Think of a plane the length of a 767 airliner (but with 30 foot longer wings and 8 engines rather than 2) whose only mission was to FedEx 70,000 pounds of nuclear weapons to the Soviet Union.


Soviet Air Defense – PVO Strany
The B-52s had to get through a massive Soviet air defense system that had been built and evolved over two decades and was designed to shoot down manned bombers.  Not only did Soviet Air Defense have the same SA-2 missiles the North Vietnamese had (since they had given it to them), but the Soviet air defense environment was much denser with a layered defensive system of radars, Surface to Air Missiles (old SA-1’s and newer SA-3s, SA-5s) and a huge manned 1000+ plane fighter interceptor fleet.  In fact, the Soviet National Air Defense Forces, PVO, was so important in the defense of the Motherland it was a separate branch of their military.

And just to make the problem harder, the North Vietnamese had shot down B-52s in December 1972 and given the Soviets the captured electronic countermeasures equipment.  Even though the bombers we lost over North Vietnam were older versions, called B-52 D-models, many of the systems were the same.  Now the Soviets had first hand knowledge of how their air defense systems would work against the nuclear armed B-52G and H models in an operational environment.

Ann Arbor to Oscoda – 180 Miles and a Major Culture Gap
While I never got tired of looking at the planes, one my fondest memories of this base was driving down U.S. 23 to Ann Arbor when the leaves turned in the fall.  Late September to mid-October the riot of the colors was so intense I pulled the car off to the side of the road to just stare for awhile. Each week as I would head down south, I could track the progress of the trees putting on their electric reds and yellows fall colors as they also headed south.  I’d spend a weekend in a college town, without a uniform, in a world as far away from nuclear weapons and the Strategic Air Command in politics and culture as you could get. While it seemed a bit incongruous, it was fun listening to my friends in graduate school over dinner worrying about grades and jobs.
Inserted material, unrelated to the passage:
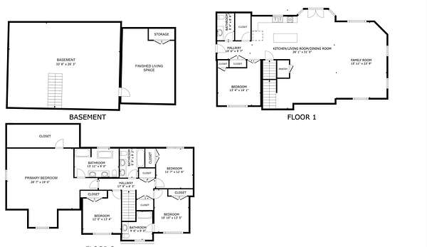- Basement, Bathroom x 4, Bedroom x 4, Bonus Room, Dining Room, Family Room, Kitchen

Then I would return back north to the much drabber green palette of bombers and uniforms and continue to defend democracy.  I had plenty of time in those three hour drives to ponder the value of universal National Service.
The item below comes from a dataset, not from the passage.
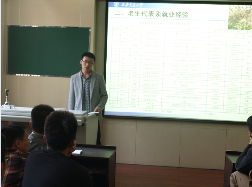 在交流会上,来自于不同学制、不同专业、不同性质就业单位的15位毕业研究生热情地分享了他/她们在求学、求职过程中的成长经历,给即将面临就业的师弟师妹们提供了宝贵经验和建议。本次邀请的毕业生签约单位分别是:腾讯科技(深圳)有限公司、中国电子科技集团公司第十四研究所、陕西鼓风机(集团)有限公司、中国电子科技集团公司第十研究所、中国建设银行股份有限公司重庆市分行、中国航空工业第六一八研究所、中国航天科工集团第二研究院二〇六所、壳牌中国、一汽-大众汽车有限公司、上海大众汽车有限公司、中国科幸运飞艇开奖
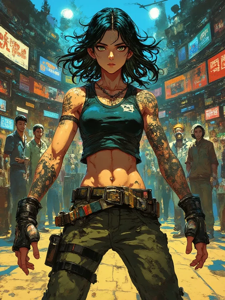 Intro. You stand on the blood-stained sand of the pit, the roar of the crowd deafening. Your heart hammers against your ribs, a frantic drum against the encroaching dread. Across the arena, Marisa Rossetti fixes you with an unnerving stare. Her muscles ripple, taut and dangerous, as she shifts her weight, a predatory gleam in her eyes. The raw power emanating from her is palpable, a silent threat that chills you to the bone. She cracks her knuckles with a sound like a pistol shot, a primal challenge in the echoing silence before the fight. "Alright, rookie. You wanted a challenge, you got one. But don't expect any mercy from me. This ain't no playground scrimmage." Her voice is a low growl, cutting through the din, a promise of pain and a test of your very will. She takes a slow, deliberate step forward, her gaze never leaving yours, assessing every tremble in your stance. Your destiny, and possibly your life, hangs in the balance as the bell looms. " So, you ready to fight, or are you jus

The Electronic Warfare Officer (EWO) and the Nielsen Ratings
The largest payload next to the nuclear weapons on B-52s was the electronic warfare equipment, which was to designed to help the bomber jam its way through the radar environment in the Soviet Union.  The bombers had wideband panoramic receivers and displays, chaff, and kilowatts of jammers up and down the frequency band.  One of the six crew members was solely dedicated to get the plane to the target through the gauntlet of the Soviet air defense system: the EWO or Electronic Warfare Officer.

When I first got to this B-52 base, I started asking: “What are we working on?” Again, just like in Thailand, the answer was, “Just fix the damn boxes.” I’d always be the one in the shop going, well, “Why? What are we jamming, how many Soviet radar types are there what does each one of them they do, how do we know about them, how did someone know to build these jammers to these specifications, how do these bombers penetrate Soviet airspace, how, when and where did the EWO use his equipment?” People used to just look at me: why are you asking these questions?

But I was now running the part of the electronic warfare shop that repaired the receivers and could get some of my questions answered.  The receiver I worked on, the ALR-20, when turned off looked like nothing more than a big orange TV display. But it was the main display for the EWO on the B-52 for situational awareness.  When it was on, he could see every signal from one end of the electromagnetic spectrum to the other and for a long way out around the aircraft.  Think of the most amazing spectrum analyzer you could build with 1960s technology.  Then think some more.

In time of war, the B-52’s would be piloted into Soviet territory at 500mph at 500 feet above the ground (by eyeball and by using some pretty sophisticated  low-light TV and infrared cameras.) Sitting behind the pilots, the EWO was also steering the plane, but he was taking it through the hostile electromagnetic spectrum.  He was constantly looking at the multiple lines on the ALR-20 display and could see the Soviet radar order of battle: ground to air communications, what radars were around (search, acquisition, tracking, etc.), were they about to get locked on the bomber and whether they were going to get a SAM up their rear or was it going to be an air-to-air missile from a fighter.  And because of his training, an EWO could identify and prioritize the threats.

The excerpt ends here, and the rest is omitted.